> **YOUR TASK**
From the first line to the last, print the records exactly, leaving out the pictures.

> **STUDY MATERIAL**
──────
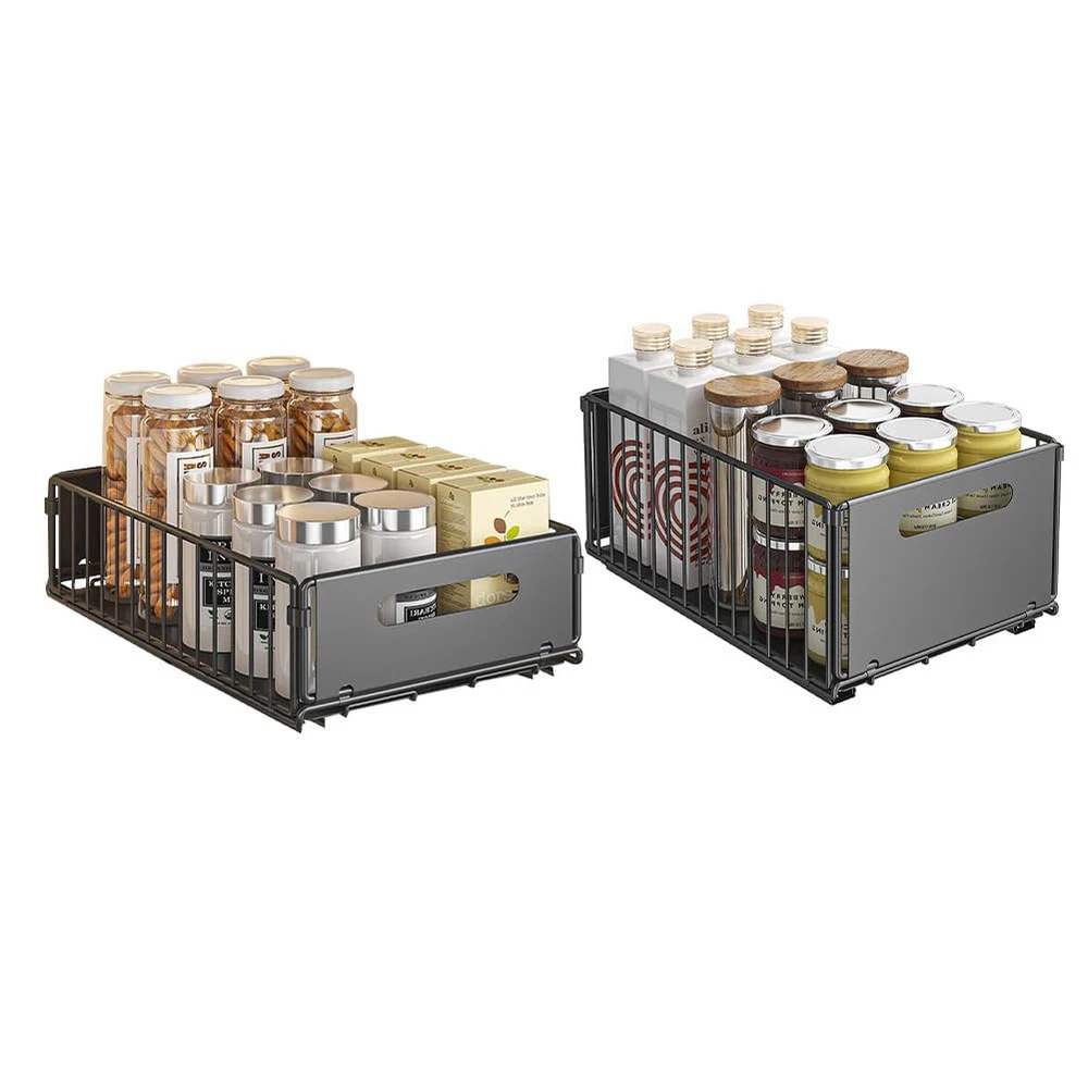 Description: Product name: Pull out cabinet organizer Style: Modern and minimalist Function: Foldable Materials: Carbon steel Classification of storage racks: Floor mount Packing list: 1pc/2pcs pull out cabinet organizer Drill-Free Installation: Our pull-out cabinet organizers eliminate complex assembly steps and the need for tools and screws. Simply remove the nanometer adhesive film from the guides, place them in your cabinet, and install the drawer quickly. Size Specifications: Small product dimensions: Width: 24.5cm, Depth: 37.5cm, Height: 10cm. Large product dimensions: Width: 24.5cm, Depth: 37.5cm, Height: 19cm. Measure your cabinet before purchase. Smooth, Quiet Sliding: Industrial-ball bearings inside the pull-out drawers ensure seamless sliding even with heavy loads, providing quiet operation without collision noise. Strong Weight Capacity: Crafted from heavy-duty carbon steel, our pull-out storage shelves are waterproof, corrosion-resistant, and built to withstand moisture for easy maintenance and long-lasting durability. Space-Saving Storage: Organize snacks, spices, pots, groceries, beverages, toiletries, towels, and more with this versatile drawer-style basket storage rack in kitchens, bathrooms, offices, closets, bedrooms, living rooms, and wardrobes.
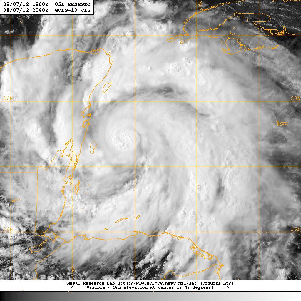 HURRICANE ERNESTO WILL CROSS THE EAST COAST OF THE YUCATAN
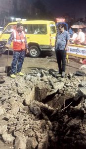 इंदौर। अग्रसेन चौराहे पर सडक़ धंसने के कारण बने बड़े गड्ढे पर नगर निगम द्वारा चेंबर बनाने का काम शुरू किया गया। लगातार इस तरह के गड्ढे उभरकर सामने आने का सिलसिला जारी है। सपना संगीता रोड पर स्थित अग्रसेन चौराहे पर कल एक बड़ा और गहरा गड्ढा हो गया था, जिसे भरने के लिए निगम की टीम कल शाम को सक्रिय हुई और रात में काम शुरू किया गया। जिस स्थान पर यह गड्ढा हुआ था, उसके पास के चेंबर का निर्माण नए सिरे से शुरू किया गया है। निगम के अधिकारियों का कहना है कि ड्रेनेज लाइन डालते समय जो चेंबर बनाए गए, उस समय पर रेस्टोरेशन का काम बराबर नहीं किया गया। इसके चलते हुए यह स्थिति बनी है। अब नगर निगम रातोरात काम करते हुए इस गड्ढे को समाप्त करने में लगा है। निगम के अधिकारियों का कहना है कि काम जल्द ही पूरा हो जाएगा।
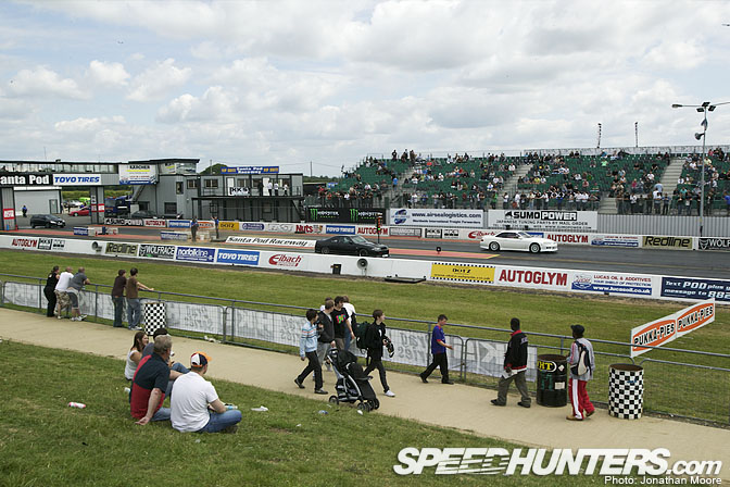 Il y a un coin de Santa Pod qui est pour toujours le Japon. Il semblait juste de voir des hordes de clubs automobiles japonais remplir le stand dur qui longe la piste d'accélération : des supra-voitures les plus grosses et les plus méchantes aux berlines de ville plus modestes en passant par les classiques les plus propres de ce côté de Tokyo.
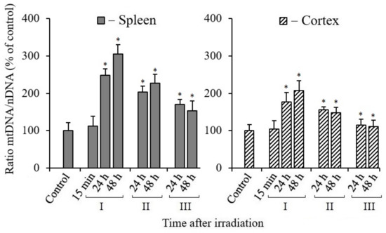Ratio of mtDNA/nDNA in the tissues of the spleen and cerebral cortex of mice after their irradiation. The y-axis shows the percentage (%) of the change in mtDNA to nDNA ratio relative to control. The numbers (15 min, 24 h, 48 h) on X-axis indicate the time after irradiation. I—mice without MEL administration; II—MEL administration before irradiation; III—MEL administration after irradiation. The data are presented as mean ± SEM of 5–6 independent experiments. Statistical significance was set at * p < 0.05.
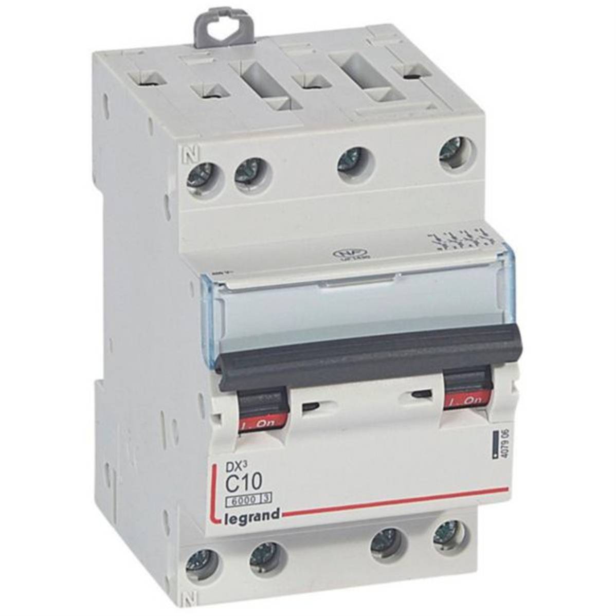 Disjoncteur DX³6000 10kA arrivée haute et départ bas à vis 4P 400V~ - 10A - courbe C - pour peigne HX³ optimisé - Legrand 407906
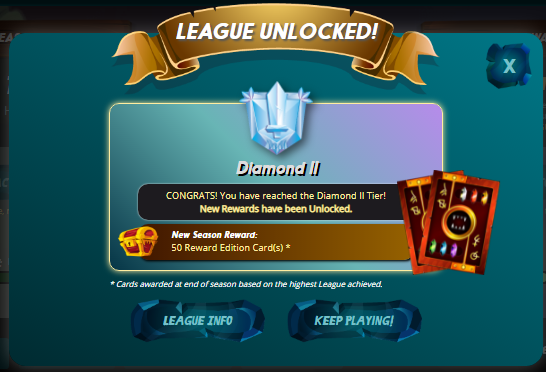 Today, I started with 2809 points in Diamond 3, then I ran a quest for the Water Summoner again, and finished the day with 3101 points in Diamond 2. I manage to earn a lot of points for the second day in a row, and it turns out to move into the next league! And all because the Water Summoner falls to me for the second day in a row. Today it turned out to win 292 points! The reward is still bad - 3 super-cheap Rare cards, not a single useful card either ... Even a nymph, or a sea monster or a gunner did not fall out... Something I have no luck with a reward ... But I earn a lot of points, which is good. Maybe at least in the seasonal award will get a worthy reward)
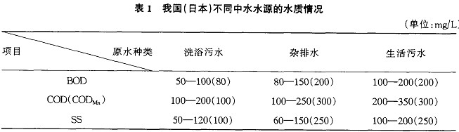 3屋面雨水用作中水補充水源與建筑中水系統聯合運行存在問題分析3.1中水水源水質分析對住宅小區而言,中水水源一般可分為生活污水、雜排水(除沖廁之外的其它生活污水J、洗浴發水三種,其水質逐次漸好:目前實際工程中中水源主要是后兩種水源。對以大型公共建筑為主{本的城市建筑小區設置中水系統,可優先采用集中的洗浴污水做水源:我國及日本不同中水水源的水質情況詳見表l:3.2現行中水系統運行情況分析
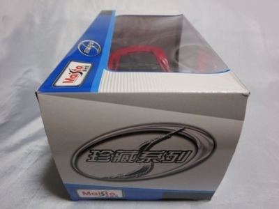 2018年8月28日ヤフオクに初登場したマイスト1/24「2018 Acura NSX」のブルーモデル。 開始価格が送料込み6,000円と高かったため、Amazonで同じものを送料込み3,200円で発見し注文したところ、上海から中国語パッケージが送られてきたのは上記の通り。 その後、通常の英語パッケージになかなか巡り会えなかったのだが、2019年9月17日、約1年ぶりにヤフオクに英語パッケージのレッドモデルが送料込み3,200円で登場し、無事落札入手することができたのも上記の通り。 そして2020年6月7日に英語パッケージのブルーモデルがヤフオクに再登場。開始価格の1,000円で入手することができた(送料770円)。 先に入手したレッドモデルはドイツで販売されていたもののようだったが、今回入手したブルーモデルは京商のシールが貼られた正規輸入品。定価が3,000円だったことも判明した。 |
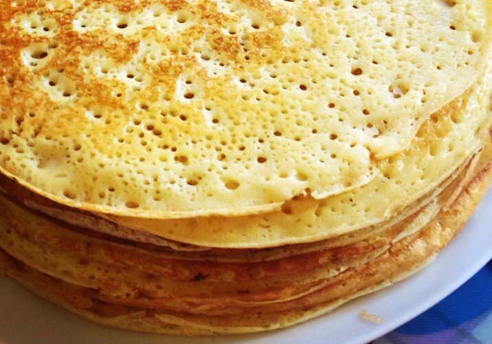 Отличный рецепт для тех, у кого непереносимость куриного белка или для тех, кто просто не любит и не ест яйца. А иногда бывает, что хватишься, а их просто забыли купить. Вот и приходится как-то выкручиваться. Так и появился этот рецепт и пришелся по вкусу очень многим хозяюшкам. Ингредиенты Приготовление: В кефир сразу же всыпаем просеянную муку, подсластим сахаром, посолим. И начинаем хорошо и тщательно перемешивать. Блинное тесто должно выйти по густоте как жирная сметана, однородное, без комочков. Кладем в тесто соду и частями, постоянно помешивая, выливаем кипяток. Тесто начнет пузыриться на глазах, это реакция кипятка с содой, она сразу же гасится и выделяет газ. Тесто готово для жарки. Раскалим сковороду и смажем ее подсолнечным маслом. Очень красивые дырчатые блины получаются . Обжариваем с двух сторон и кушаем с удовольствием!
──────
> **YOUR RESPONSE**
 Description: Product name: Pull out cabinet organizer Style: Modern and minimalist Function: Foldable Materials: Carbon steel Classification of storage racks: Floor mount Packing list: 1pc/2pcs pull out cabinet organizer Drill-Free Installation: Our pull-out cabinet organizers eliminate complex assembly steps and the need for tools and screws. Simply remove the nanometer adhesive film from the guides, place them in your cabinet, and install the drawer quickly. Size Specifications: Small product dimensions: Width: 24.5cm, Depth: 37.5cm, Height: 10cm. Large product dimensions: Width: 24.5cm, Depth: 37.5cm, Height: 19cm. Measure your cabinet before purchase. Smooth, Quiet Sliding: Industrial-ball bearings inside the pull-out drawers ensure seamless sliding even with heavy loads, providing quiet operation without collision noise. Strong Weight Capacity: Crafted from heavy-duty carbon steel, our pull-out storage shelves are waterproof, corrosion-resistant, and built to withstand moisture for easy maintenance and long-lasting durability. Space-Saving Storage: Organize snacks, spices, pots, groceries, beverages, toiletries, towels, and more with this versatile drawer-style basket storage rack in kitchens, bathrooms, offices, closets, bedrooms, living rooms, and wardrobes.
 HURRICANE ERNESTO WILL CROSS THE EAST COAST OF THE YUCATAN
 इंदौर। अग्रसेन चौराहे पर सडक़ धंसने के कारण बने बड़े गड्ढे पर नगर निगम द्वारा चेंबर बनाने का काम शुरू किया गया। लगातार इस तरह के गड्ढे उभरकर सामने आने का सिलसिला जारी है। सपना संगीता रोड पर स्थित अग्रसेन चौराहे पर कल एक बड़ा और गहरा गड्ढा हो गया था, जिसे भरने के लिए निगम की टीम कल शाम को सक्रिय हुई और रात में काम शुरू किया गया। जिस स्थान पर यह गड्ढा हुआ था, उसके पास के चेंबर का निर्माण नए सिरे से शुरू किया गया है। निगम के अधिकारियों का कहना है कि ड्रेनेज लाइन डालते समय जो चेंबर बनाए गए, उस समय पर रेस्टोरेशन का काम बराबर नहीं किया गया। इसके चलते हुए यह स्थिति बनी है। अब नगर निगम रातोरात काम करते हुए इस गड्ढे को समाप्त करने में लगा है। निगम के अधिकारियों का कहना है कि काम जल्द ही पूरा हो जाएगा।
 Il y a un coin de Santa Pod qui est pour toujours le Japon. Il semblait juste de voir des hordes de clubs automobiles japonais remplir le stand dur qui longe la piste d'accélération : des supra-voitures les plus grosses et les plus méchantes aux berlines de ville plus modestes en passant par les classiques les plus propres de ce côté de Tokyo.
Ratio of mtDNA/nDNA in the tissues of the spleen and cerebral cortex of mice after their irradiation. The y-axis shows the percentage (%) of the change in mtDNA to nDNA ratio relative to control. The numbers (15 min, 24 h, 48 h) on X-axis indicate the time after irradiation. I—mice without MEL administration; II—MEL administration before irradiation; III—MEL administration after irradiation. The data are presented as mean ± SEM of 5–6 independent experiments. Statistical significance was set at * p < 0.05.
 Disjoncteur DX³6000 10kA arrivée haute et départ bas à vis 4P 400V~ - 10A - courbe C - pour peigne HX³ optimisé - Legrand 407906
 Today, I started with 2809 points in Diamond 3, then I ran a quest for the Water Summoner again, and finished the day with 3101 points in Diamond 2. I manage to earn a lot of points for the second day in a row, and it turns out to move into the next league! And all because the Water Summoner falls to me for the second day in a row. Today it turned out to win 292 points! The reward is still bad - 3 super-cheap Rare cards, not a single useful card either ... Even a nymph, or a sea monster or a gunner did not fall out... Something I have no luck with a reward ... But I earn a lot of points, which is good. Maybe at least in the seasonal award will get a worthy reward)
 3屋面雨水用作中水補充水源與建筑中水系統聯合運行存在問題分析3.1中水水源水質分析對住宅小區而言,中水水源一般可分為生活污水、雜排水(除沖廁之外的其它生活污水J、洗浴發水三種,其水質逐次漸好:目前實際工程中中水源主要是后兩種水源。對以大型公共建筑為主{本的城市建筑小區設置中水系統,可優先采用集中的洗浴污水做水源:我國及日本不同中水水源的水質情況詳見表l:3.2現行中水系統運行情況分析
 2018年8月28日ヤフオクに初登場したマイスト1/24「2018 Acura NSX」のブルーモデル。 開始価格が送料込み6,000円と高かったため、Amazonで同じものを送料込み3,200円で発見し注文したところ、上海から中国語パッケージが送られてきたのは上記の通り。 その後、通常の英語パッケージになかなか巡り会えなかったのだが、2019年9月17日、約1年ぶりにヤフオクに英語パッケージのレッドモデルが送料込み3,200円で登場し、無事落札入手することができたのも上記の通り。 そして2020年6月7日に英語パッケージのブルーモデルがヤフオクに再登場。開始価格の1,000円で入手することができた(送料770円)。 先に入手したレッドモデルはドイツで販売されていたもののようだったが、今回入手したブルーモデルは京商のシールが貼られた正規輸入品。定価が3,000円だったことも判明した。 |
 Отличный рецепт для тех, у кого непереносимость куриного белка или для тех, кто просто не любит и не ест яйца. А иногда бывает, что хватишься, а их просто забыли купить. Вот и приходится как-то выкручиваться. Так и появился этот рецепт и пришелся по вкусу очень многим хозяюшкам. Ингредиенты Приготовление: В кефир сразу же всыпаем просеянную муку, подсластим сахаром, посолим. И начинаем хорошо и тщательно перемешивать. Блинное тесто должно выйти по густоте как жирная сметана, однородное, без комочков. Кладем в тесто соду и частями, постоянно помешивая, выливаем кипяток. Тесто начнет пузыриться на глазах, это реакция кипятка с содой, она сразу же гасится и выделяет газ. Тесто готово для жарки. Раскалим сковороду и смажем ее подсолнечным маслом. Очень красивые дырчатые блины получаются . Обжариваем с двух сторон и кушаем с удовольствием!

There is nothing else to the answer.